CJ's little heart finally burst forth all its bottled up feelings today. The dam of emotions that has been building up finally broke. Not that he hasn't cried a lot and struggled all week at what is happening, but today he seemed to begin to grasp the seriousness, longevity and the consequences of the situation. I think in some way Chris and I really did too as we sat down with the educator today for the second half of our training. The first half of our training was the other day to learn the different medications the first part of his chemotherapy would consist of and what side effects could surface. Today's training was about what we need to watch for, how to prepare our home, and what we need to do or, more accurately, not do once we take him home. Much of this was expected but much of this was also a shock and creates a huge sense of urgency to protect CJ as much as possible during this time. I won't go into detail right now about all the do's and don'ts because they are many and we are still processing it all.
As for the heart of a 9 year old boy though, all it took to burst was to hear he could not play sports anymore until this was over. As I mentioned before, CJ loves sports. He was devastated to realize he would not be able to participate in those things he loves while he is going through this. This lead him to finally give voice to the tears that so desperately needed to flow. He punched and kicked and moaned and struggled to accept these circumstances. At first I couldn't see why he did not understand that this was only temporary but then I realized this burst of emotion was about more than sports. He was accepting the fact that his life would be different for a long time. A child can not grasp the idea of 6 months or a year. They just hear no. So we held him, tried to encourage him, prayed for him, and allowed him to vent his frustrations. Then, in time, God's peace began to wash over him and that smile that can part the darkest clouds came back. We encouraged CJ to see this time as an injured athlete would see a rebuilding season. With hard work, determination, and dedication he can focus on rebuilding and strengthening. We reminded him that very often injured athletes come back even stronger and faster then they were before an injury after a rebuilding season. I find it interesting that we were able to use athletic terms to help encourage CJ through this difficult time since the Apostle Paul also used athletic terms to encourage fellow believers to persevere through difficult times. In 1 Corinthians 9:24 Paul uses the Olympic games as a metaphor when he says, "Do you not know that in a race all the runners run, but only one gets the prize? Everyone who competes in the games goes into strict training. They do it to get a crown that will not last, but we do it to get a crown that will last forever." So we too used the perseverance of an athlete to motivate him to stay focused on his recovery and healing.
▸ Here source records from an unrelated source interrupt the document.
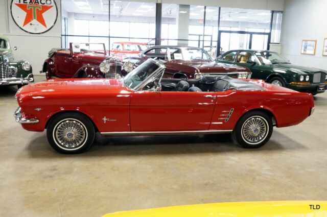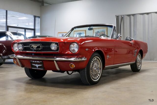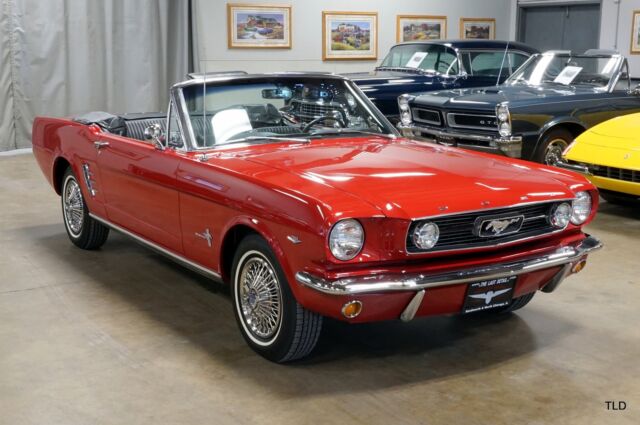 Exceptional Rangoon Red ExteriorDeluxe Black Interior w/Wood TrimPower Black Soft Top w/Boot Cover289 V8 w/Automatic TransmissionRetro Sounds AM/RM Radio w/CassetteRecent Service Including Tune up & BrakesBeautifully finished in Rangoon Red and complemented by a black soft top and Deluxe interior, this Mustang will make you the envy of all your neighbors!! Pony seats blend nicely against the wood applique across the dash which is highlighted by a...Retro Sounds AM/FM Cassette radio. Additional features include power top, emergency flashers and fog lights. Under the hood and youll find a 289 V8 thats backed by an automatic transmission, and recent service includes brakes and a tune up. Please give us a call to find out more information today!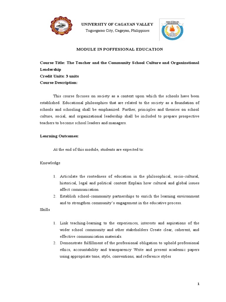 Course Title: The Teacher and the Community School Culture and Organizational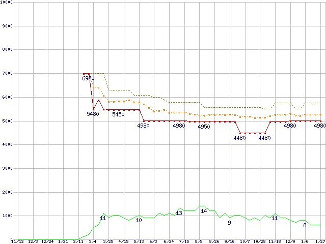 ※このグラフは過去のデータも税率5%相当に調整した税込み相当額のグラフです。 税率変更や、総額表示方式導入(2004年4月)の影響は除いています。 | | | ●凡例 | 最安値 (点線部は販売店未確認 または未調査) | 平均値 | 最高値 | ショップ数 |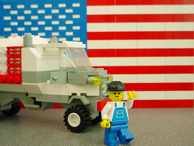 The flag makes a really neat backdrop for small models, as seen here with my old-time milk truck. I'm thinking I'll build a flag into the wall of a building- that would make a great bit of Americana to add to a train show display.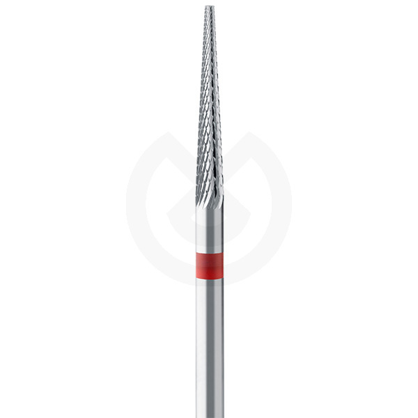 Fresa de tungsteno de corte cruzado fino, indicada para acabados delicados en resinas, acrílicos y metales no preciosos. Su forma cónica larga permite acceder a zonas profundas y estrechas con gran precisión. Anillo rojo: abrasividad fina, recomendada para trabajos de acabado controlado en micromotor. Velocidad recomendada entre 20.000 - 30.000 rpm.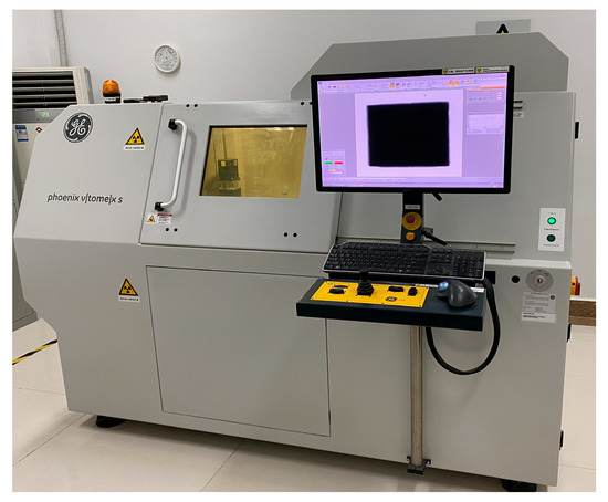 The prototype bridge is a prestressed concrete structure with a 40 mm protective layer, located in a marine environment in northern China; furthermore, this bridge is located close to the exposure test station. To study the effect of crack morphology on rebar corrosion initiation, different crack morphologies obtained from previous studies were applied in numerical simulations. Concrete specimens from the exposure test station were scanned using a GE V|tome|x S micro-CT system (Waygate Technologies, Boston, MA, USA) to capture the actual internal aggregate distribution, owing to the proximity of the bridge to the test station. The scanning device is shown in Figure 15. Scanning was performed with an accelerating voltage of 220 kV, tube current of 200 , and an effective voxel resolution of 71.15 . Prior to scanning, the system was calibrated using the standard geometric and detector calibration procedures provided by the manufacturer to ensure accurate representation of the internal structure. The scan results were binarized, and the aggregate shapes served as the geometric basis for numerical modeling, as shown in Figure 16.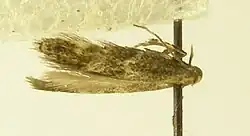 The wingspan is 8–10 millimetres (0.31–0.39 in).[1] The head is grey, face whitish. Forewings in male pale grey irrorated with black, in female blackish except on basal area; a somewhat oblique fascia before middle, a tornal spot, and triangular costal spot somewhat beyond it in male very indistinct, whitish, almost obsolete, in female broader, white, conspicuous. Hindwings are grey. The larva is pale yellowish-grey; head pale brown.[2][3][4]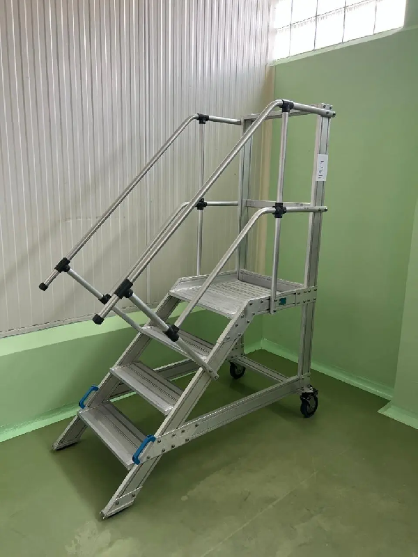 Accès camion - citerne en toute sécurité. Sur roues pour se positionner puis mise en toute stabilité à l'aide des béquilles de nivellement. - Différentes configuration possibles (Hauteur réglable - dimensionnement du garde - corps,…) - Structure en aluminium et châssis en acier peint p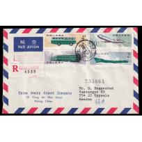 1980 邮政运输4枚全北京总公司公文封首日航空挂号寄瑞典, 封背加贴T44(16-2),T48(4-4)及普16/52分.

We also got the results from the PET Scan today. Instead of a decrease they actually found more tumors higher in his abdomen than they previously saw. I will admit my spirit immediately plummeted upon hearing this and hearing the doctor use words like "extensive" tumors in his body. These words ached in my chest as they settled upon me. The temptation to question why fought desperately to creep to the surface but I stayed focus on the fact that although the results are not as we were hoping or praying for, we know God is asking us to still trust Him.
On a lighter note, we were told that if CJ continues to respond well to the chemotherapy he will be able to go home in the next couple of days. So we set our hearts on that goal. Please pray with us that he will continue to defy the statistics and recover from chemotherapy quickly and without complications. Ask God to protect him from fevers and infections as these are the most serious risks at this time. Chris and I are seeking discernment and wisdom in all the decisions that need to be made to prepare the home and family for CJ's arrival.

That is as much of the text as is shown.